= Lengo Petroglyphs =

The ancient rock art site of Lengo is located in the Bakouma region of the Central African Republic.

== Site Description ==
The village of Lengo is on the road of Yalinga 3 km from Bakouma. The site of engravings is located on the right of this road, in 1 km east of the village. It occupies a huge laterite slab, more than 200 m long covered by a layer of topsoil brought by erosion and decomposition of vegetation. They number more than 500 pictorials.

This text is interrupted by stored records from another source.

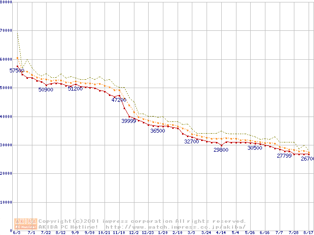 Deskstar 75GXP (7,200rpm Ultra ATA/100 2MB)の最安値推移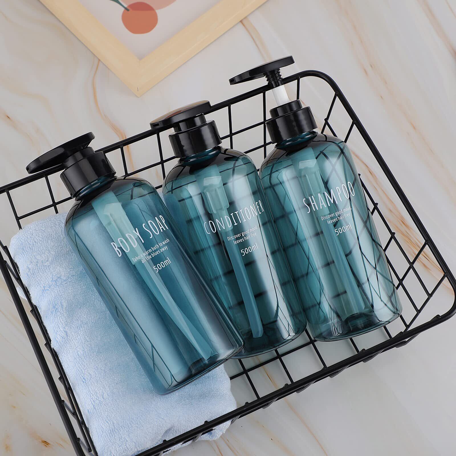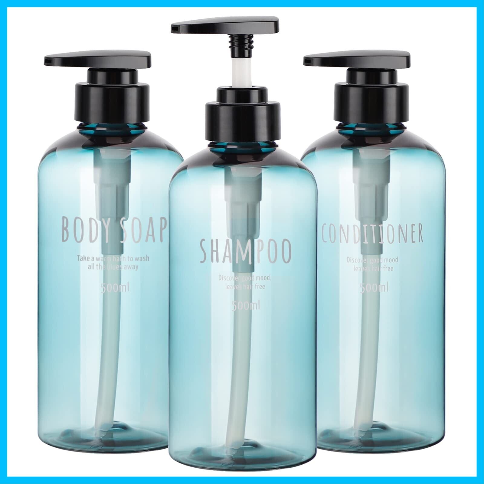 Segbeauty シャンプーボトル ディスペンサー 水色 3本セット 500ml 大容量 ブラック 丸形 漏れ防止 詰め替えボトル おしゃれ 浴室 洗面所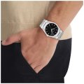 Diese Calvin Klein Uhr hat ein Edelstahl Gehäuse mit einem Durchmesser von 40 mm und ist mit einem Armband aus Edelstahl versehen. In der Uhr arbeitet ein Seiko Instruments Inc. Uhrwerk. Das Glas der Uhr besteht aus Mineral - Glas.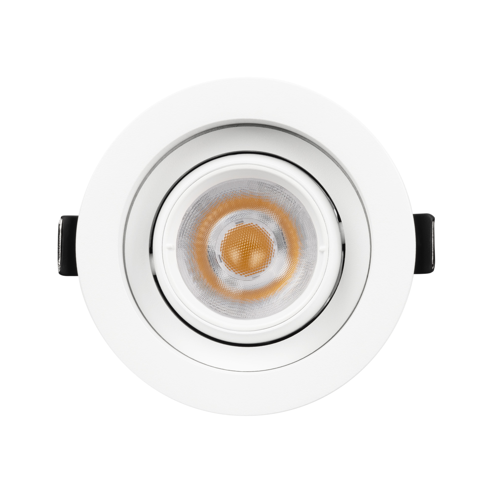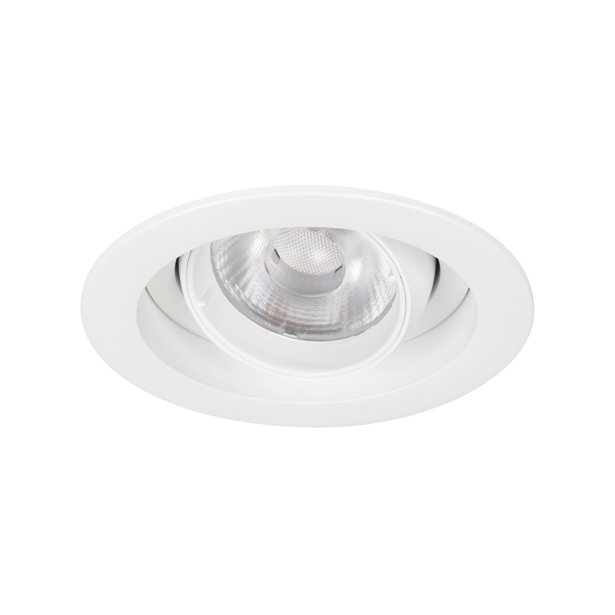Встраиваемый карданный светильник. Мощность 12 Вт, св. поток 1394 лм, 116 лм/Вт, тёплый 4000 K, CRI>92, угол 40°, напряжение питания 230 В. Белый корпус из алюминия, белая вставка, степень защиты IP20. Размер: диаметр 90 мм, высота 80 мм. Монтаж встраиваемый, установочное отверстие: диаметр 75мм. Драйвер 27-40 В, 300 мА, пульсация <2%.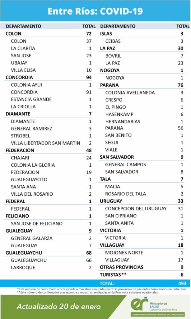 En virtud de los datos reportados al 20 de enero de 2021 por el área de Vigilancia Epidemiológica del Ministerio de Salud, en Entre Ríos se han sumado 493 casos de Coronavirus.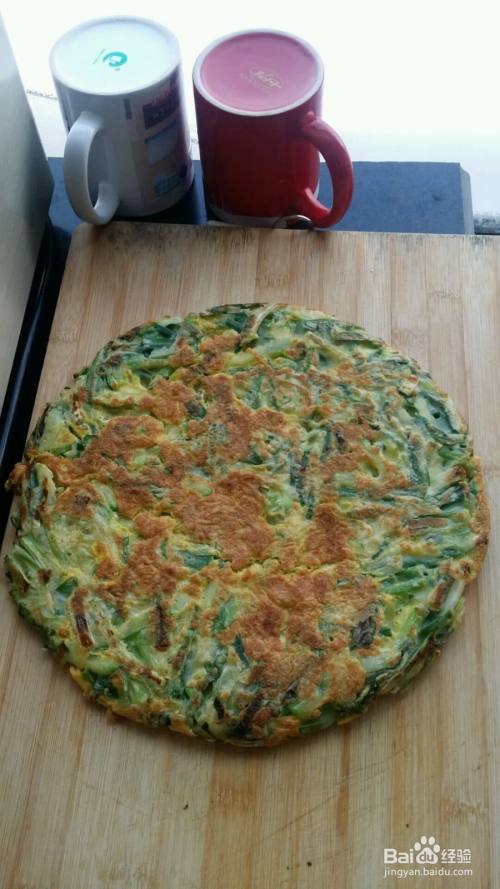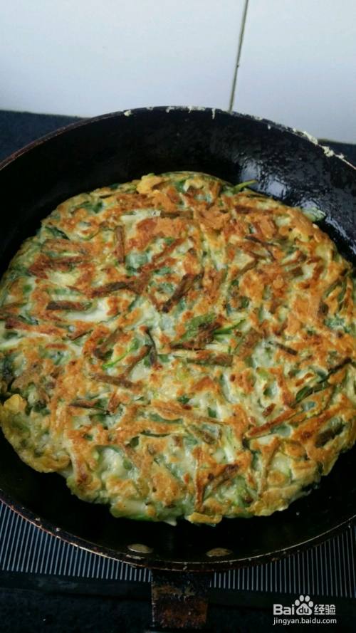煎锅烧热放油,七层热时放入面糊摊平,别太薄呵…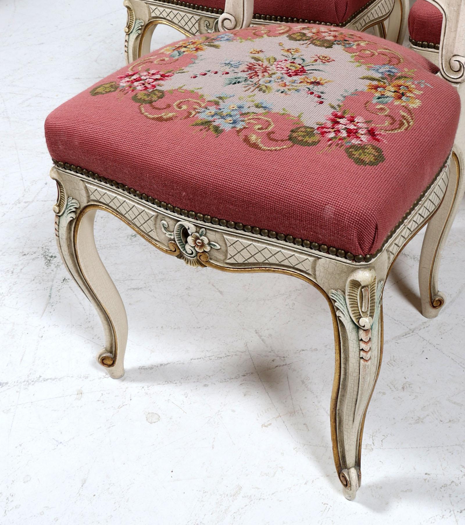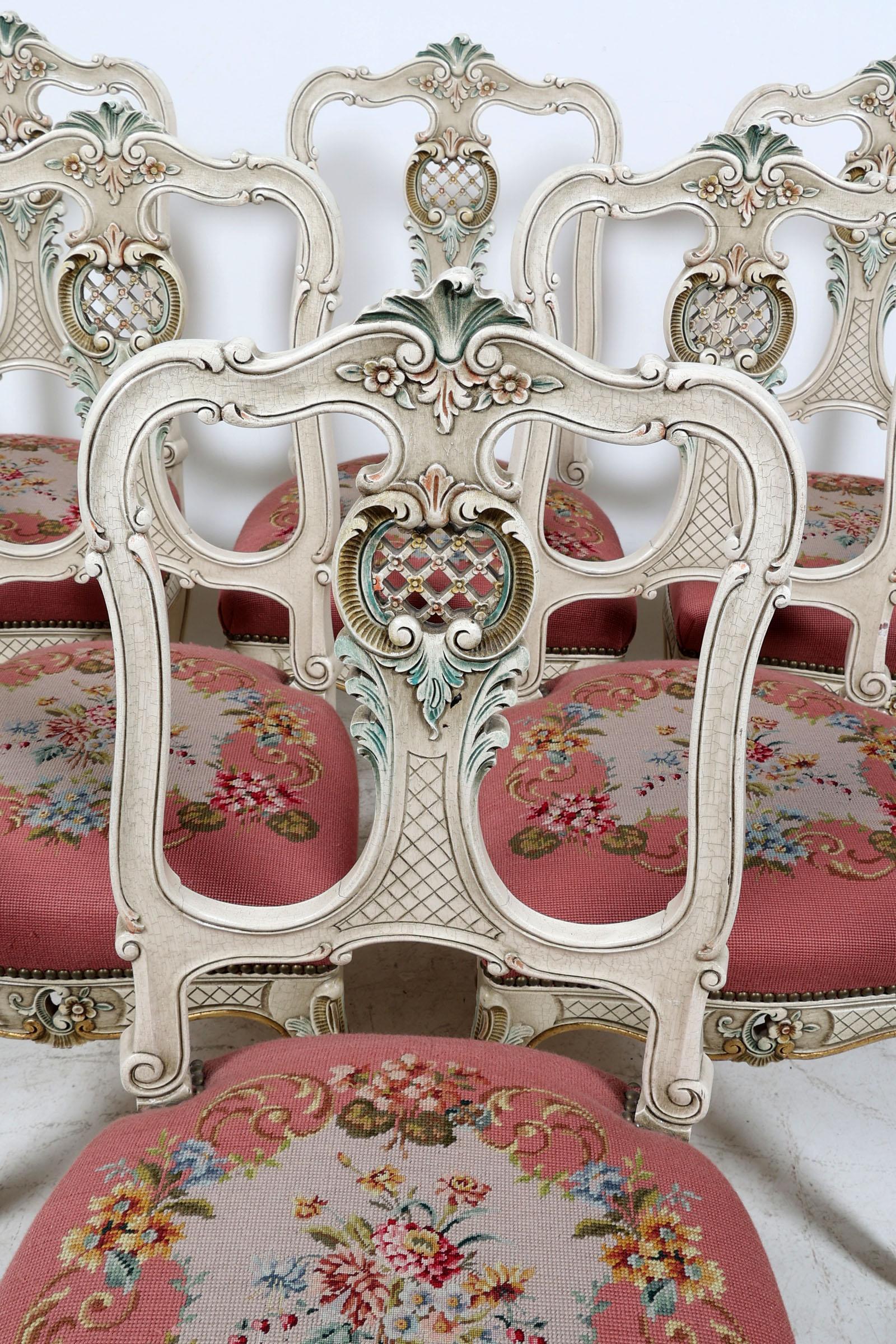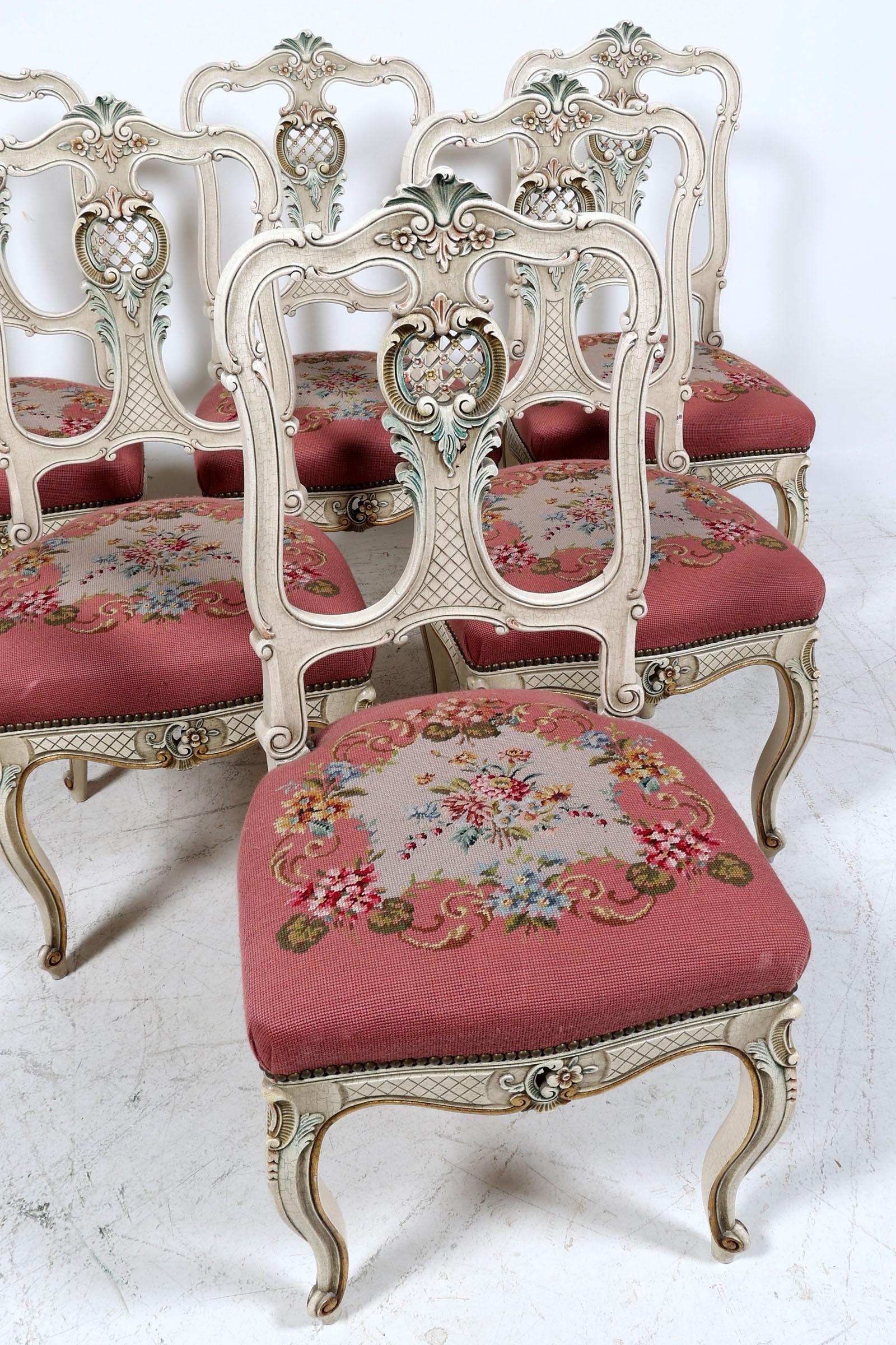 6 Laké stoelen met geborduurde zitting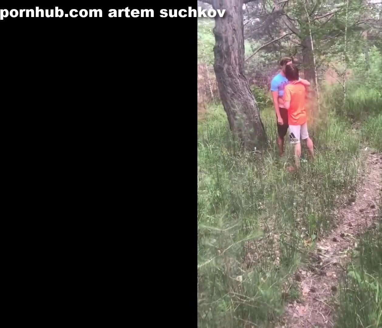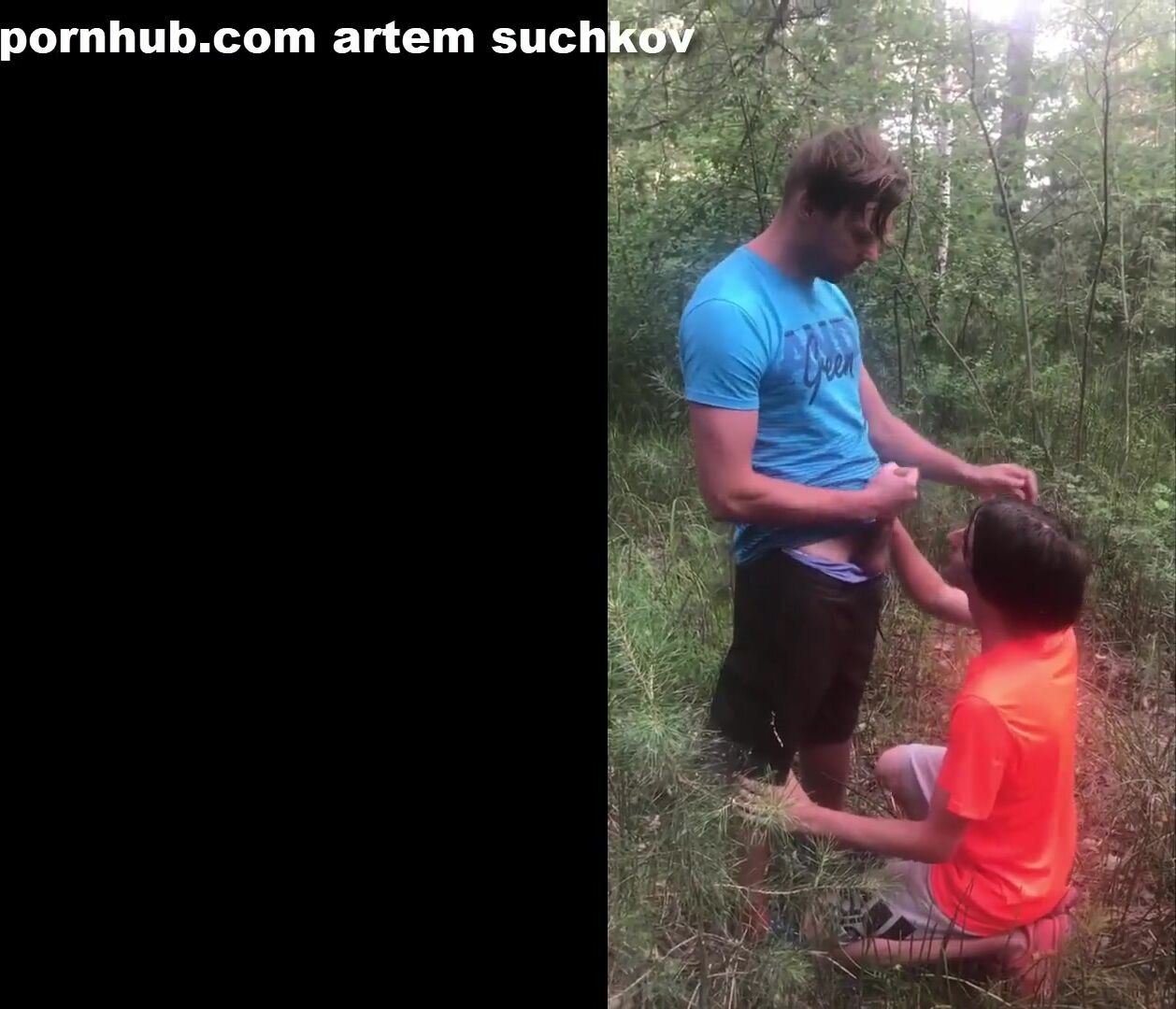 cumshot on the face in the forest

Engravings become divided into three groups:
- Animals
- Weapons
- Various other signs.

A census revealed the following drawing types and abundances:
Animals:
- Eight antelopes, the nicest measure 1.50 m of long; very close to its back are engraved a spear and two throwing knives; two others are of lesser quality.
- Feline, two with round heads and raised long tail.
- Five very stylized and badly preserved animals, impossible to identify.
- Two birds of good size, perhaps bustards in mating positions.

Human playing bit parts:
A figure having moved aside legs, massive and short trunk on which arms are pointed out by two traits; it has a very small head of bird which, according to information acquired on place would be a ritual mask. The outlines of this silhouette are given by a polished, broad but rather shallow trait.

Weapon and various objects:
The presentations of weapons are the most numerous:
- Sixteen spears with very long shafts.
- An arrow with a short shaft.
- Four twenty-one throwing knives where they can identify thirty different types. Some people are very simple, right and bent back, others contrariwise in the numerous branches show an ornamental or ritual research and carry curls, hooks and notches. They are for the majority more complex.
- A calabash provided with a rope forming a curl. The inside of the drawings is finely staked out, the well marked neck and outlines were carried out by a carefully polished trait. This domestic object serves even in the region of Bakouma for the transport and the conservation of water at present in small quantity.

== World Heritage Status ==

This site was added to the UNESCO World Heritage Tentative List on April 11, 2006 in the Cultural category.